== Segment start ==

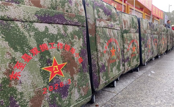 为让新兵轻装上阵、感受尊崇,东至县双拥工作领导小组办公室为每一名入伍新兵统一配发定制迷彩行李箱,将组织关怀与家乡温暖装进行囊、伴随征程。这一暖心举措,是东至县深化双拥共建、做实拥军优属的生动缩影。近年来,我县始终把双拥工作摆在重要位置,全力做好军人军属服务保障,用心用情解决后路、后院、后代问题。从军人驿站、拥军门店到双拥病房、拥军贷,从立功喜报上门到常态化走访慰问,全县上下军地同心、军民合力,营造出“一人参军、全家光荣,全社会尊崇军人”的浓厚氛围。
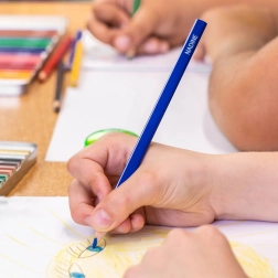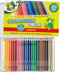 De driehoekige DELTA-kleurpotloden bieden een bont palet van 24 tinten in een praktisch metalen blik dat de inhoud thuis en onderweg beschermt. Het ergonomische driehoekige profiel ondersteunt de juiste potloodgreep en zorgt voor comfortabel tekenen zonder vermoeide handen, iets wat zowel kinderen als ouders zullen waarderen.
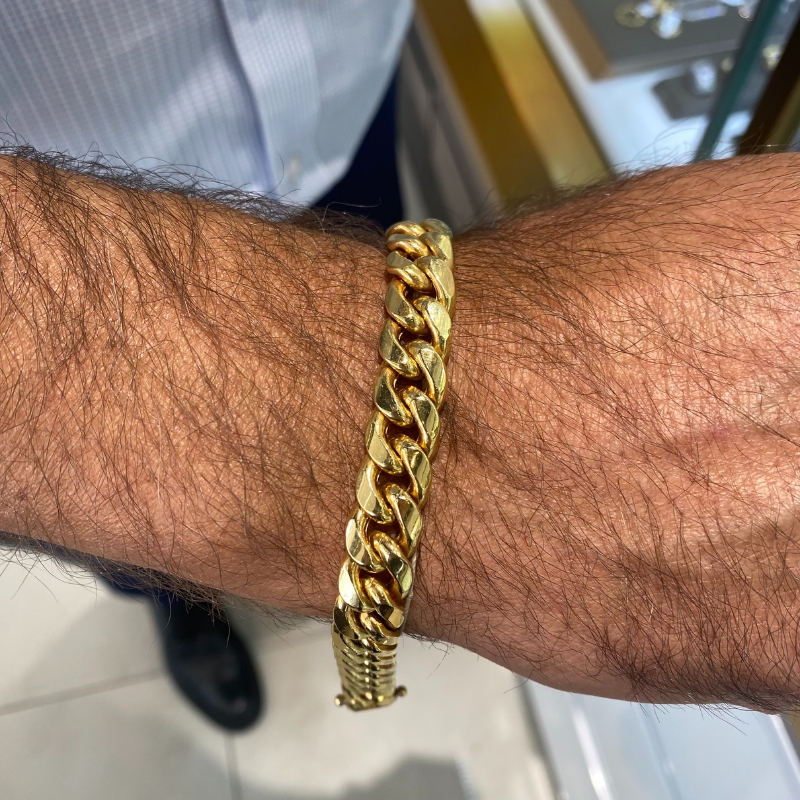 11mm Wide Miami Cuban, 8.2″ Long with Double Safety Box Clasp. Crafted in 10kt Yellow Gold
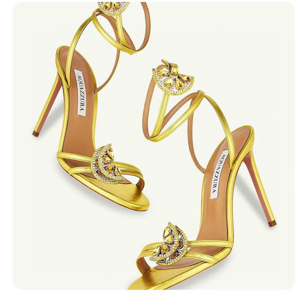 Aquazzura Slingback Heel 10cm Gold Metalic Calfskin
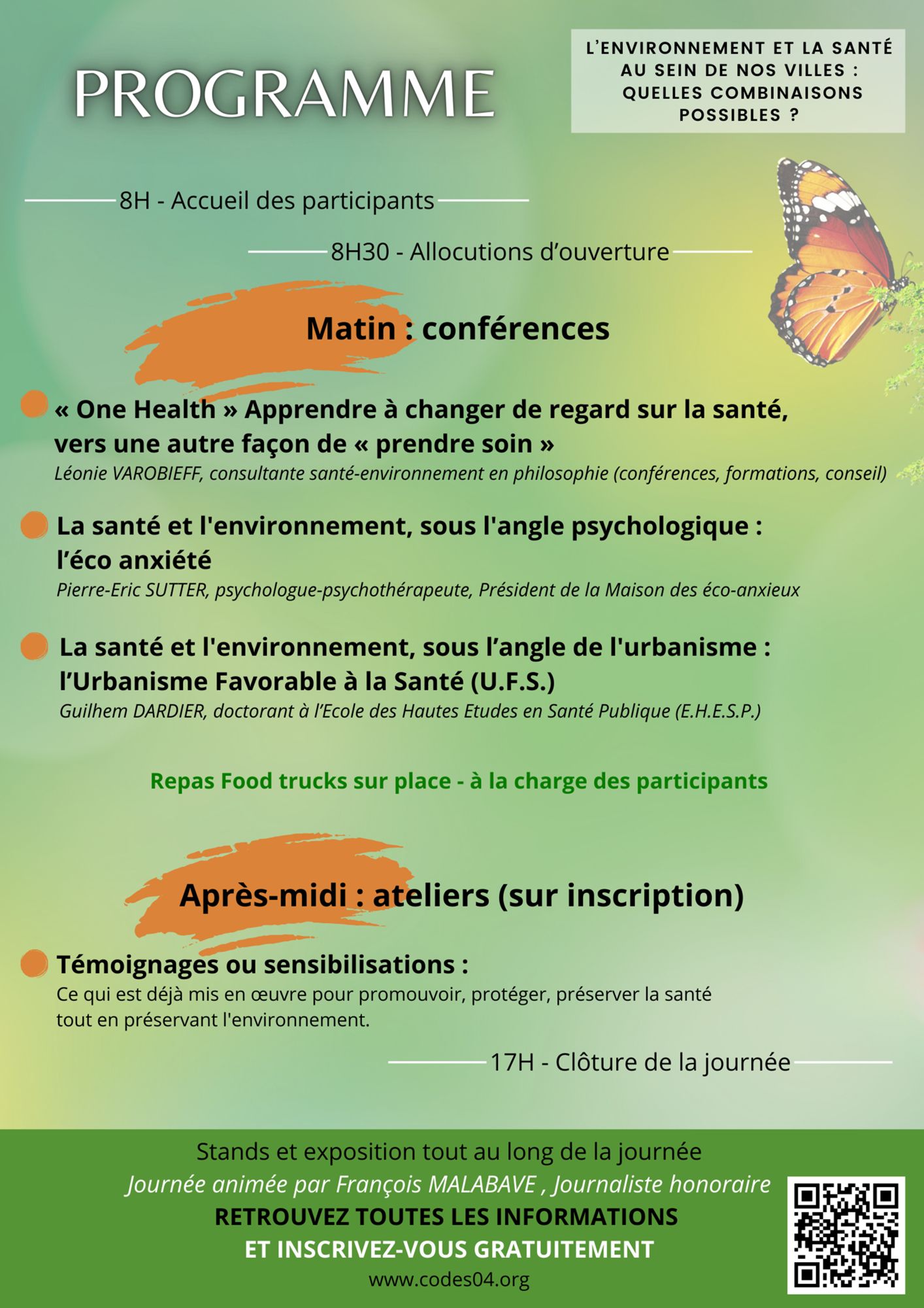 - Eco-anxiété, la santé et l’environnement sous l’angle psychologique : Pierre-Eric SUTTER, psychologue-psychothérapeute et Président de la Maison des éco-anxieux, Directeur de l'OBservatoire des VEcus du COllapse (OBVECO) et de l’OBservatoire de l’ECo Anxiété (OBSECA)

== Segment end ==

### WHAT YOU ARE ASKED TO DO
Leaving the pictures aside, transcribe exactly the lines from the one containing "Aquazzura Slingback Heel" to the final line of the entries above, both ends included.

### SOLUTION FOR THIS PROBLEM
 Aquazzura Slingback Heel 10cm Gold Metalic Calfskin
 - Eco-anxiété, la santé et l’environnement sous l’angle psychologique : Pierre-Eric SUTTER, psychologue-psychothérapeute et Président de la Maison des éco-anxieux, Directeur de l'OBservatoire des VEcus du COllapse (OBVECO) et de l’OBservatoire de l’ECo Anxiété (OBSECA)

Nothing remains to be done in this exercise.